We can take $4$ copies of this triangle and form them into a square using isometries, specifically rotations and translations.

This new figure is shown below.

This figure is clearly a square, since all the angles are right angles, and the lines connecting the corners are easily seen to be straight.

Now to calculate the area of this figure.

On the one hand, we can add up the area of the component parts of the square.

Specifically, we can add up the $4$ triangles and the inner square.

Thus we calculate the area of the large square to be:

- $4 \paren {\dfrac 1 2 a b} + c^2 = 2 a b + c^2$

On the other hand, we can similarly calculate the area of the large square to be:

- $\paren {a + b}^2 = a^2 + 2 a b + b^2$

Now these two expressions have to be equal, since they both represent the area of the square.

Thus:

- $a^2 + 2 a b + b^2 = 2 a b + c^2 \iff a^2 + b^2 = c^2$

$\blacksquare$

## Proof 2

We have:

- $\dfrac b c = \dfrac d b$

and:

- $\dfrac a c = \dfrac e a$

using the fact that all the triangles involved are similar.

That is:

- $b^2 = c d$
- $a^2 = c e$

Adding, we now get:

- $a^2 + b^2 = c d + c e = c \paren {d + e} = c^2$

$\blacksquare$

## Proof 3

The area of the big square is $c^2$.

It is also equal to $4 \dfrac {a b} 2 + \paren {a - b}^2$.

So:

\(\ds c^2\) | \(=\) | \(\ds 4 \frac {a b} 2 + \paren {a - b}^2\) | ||||||||||||

\(\ds \) | \(=\) | \(\ds 2 a b + a^2 - 2 a b + b^2\) | ||||||||||||

\(\ds \) | \(=\) | \(\ds a^2 + b^2\) |

$\blacksquare$

## Proof 4

Dissect the square on the left (which has area $c^2$) as shown.

Rearrange the pieces to make the two squares on the right, with areas $a^2$ and $b^2$.

$\blacksquare$

## Proof 5

The two squares both have the same area, that is, $\paren {a + b}^2$.

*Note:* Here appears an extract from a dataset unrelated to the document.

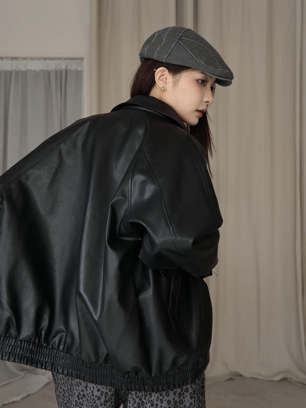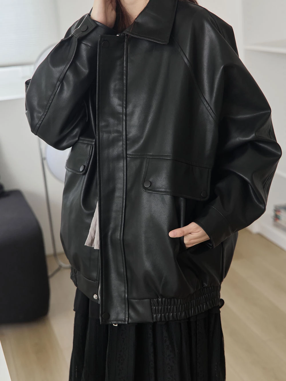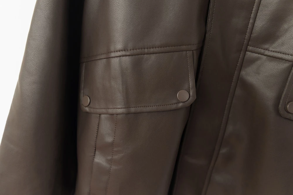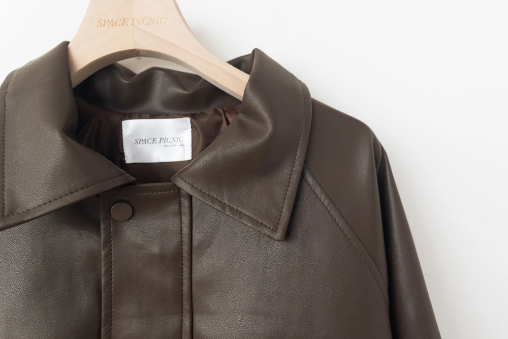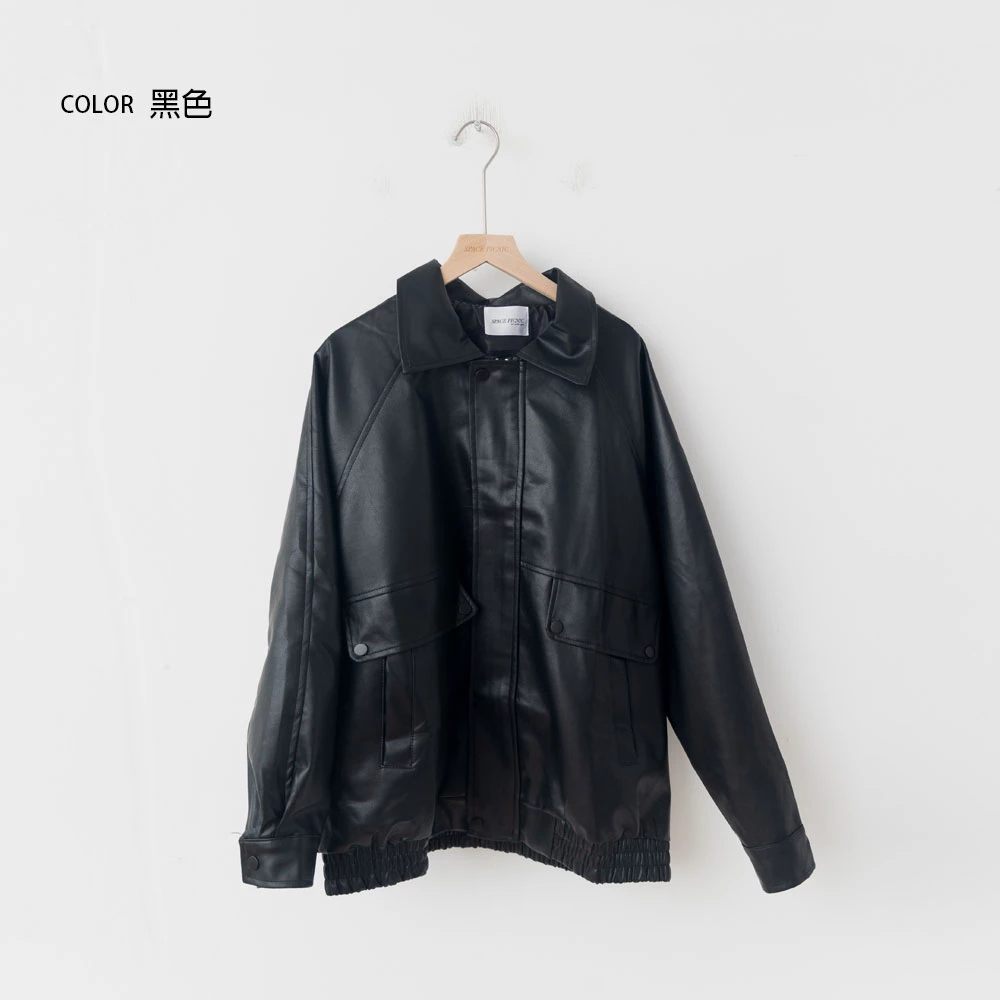 霧感翻領皮外套

The one on the left has four triangles of area $\dfrac {a b} 2$ and a square of area $c^2$.

The one on the right has four triangles of area $\dfrac {a b} 2$ and two squares: one of area $a^2$ and one of area $b^2$.

Take away the triangles from both of the big squares and you are left with $c^2 = a^2 + b^2$.

$\blacksquare$

## Proof 6

We have that $CH = BS = AB = AJ$.

Hence the result follows directly from Pythagoras's Theorem for Parallelograms.

$\blacksquare$

## Proof 7

Let $\triangle ABC$ be a right triangle and $h_c$ the altitude from $c$.

We have:

- $\angle CAB \cong \angle DCB$

- $\angle ABC \cong \angle ACD$

Then we have:

- $\triangle ADC \sim \triangle ACB \sim \triangle CDB$

Use the fact that if $\triangle XYZ \sim \triangle X'Y'Z'$ then by Ratio of Areas of Similar Triangles:

- $\dfrac {\paren {XYZ} } {\paren {X' Y' Z'} } = \dfrac {XY^2} {X'Y'^2}$

where $\paren {XYZ}$ denotes the area of $\triangle XYZ$.

This gives us:

- $\dfrac {\paren {ADC} } {\paren {ACB} } = \dfrac {AC^2} {AB^2}$

and

- $\dfrac {\paren {CDB} } {\paren {ACB} } = \dfrac {BC^2} {AB^2}$

Taking the sum of these two equalities we obtain:

- $\dfrac {\paren {ADC} } {\paren {ACB} } + \dfrac {\paren {CDB} } {\paren {ACB} } = \dfrac {BC^2} {AB^2} + \dfrac {AC^2} {AB^2}$

Thus:

- $\dfrac {\overbrace {\paren {ADC} + \paren {CDB} }^{\paren {ACB} } } {\paren {ACB} } = \dfrac {BC^2 + AC^2} {AB^2}$

Thus:

- $AB^2 = BC^2 + AC^2$

as desired.

$\blacksquare$

## Proof 8

Let $\Box ABCD$ be an arbitrary rectangle with opposing sides $AB = CD$ and $AD = BC$.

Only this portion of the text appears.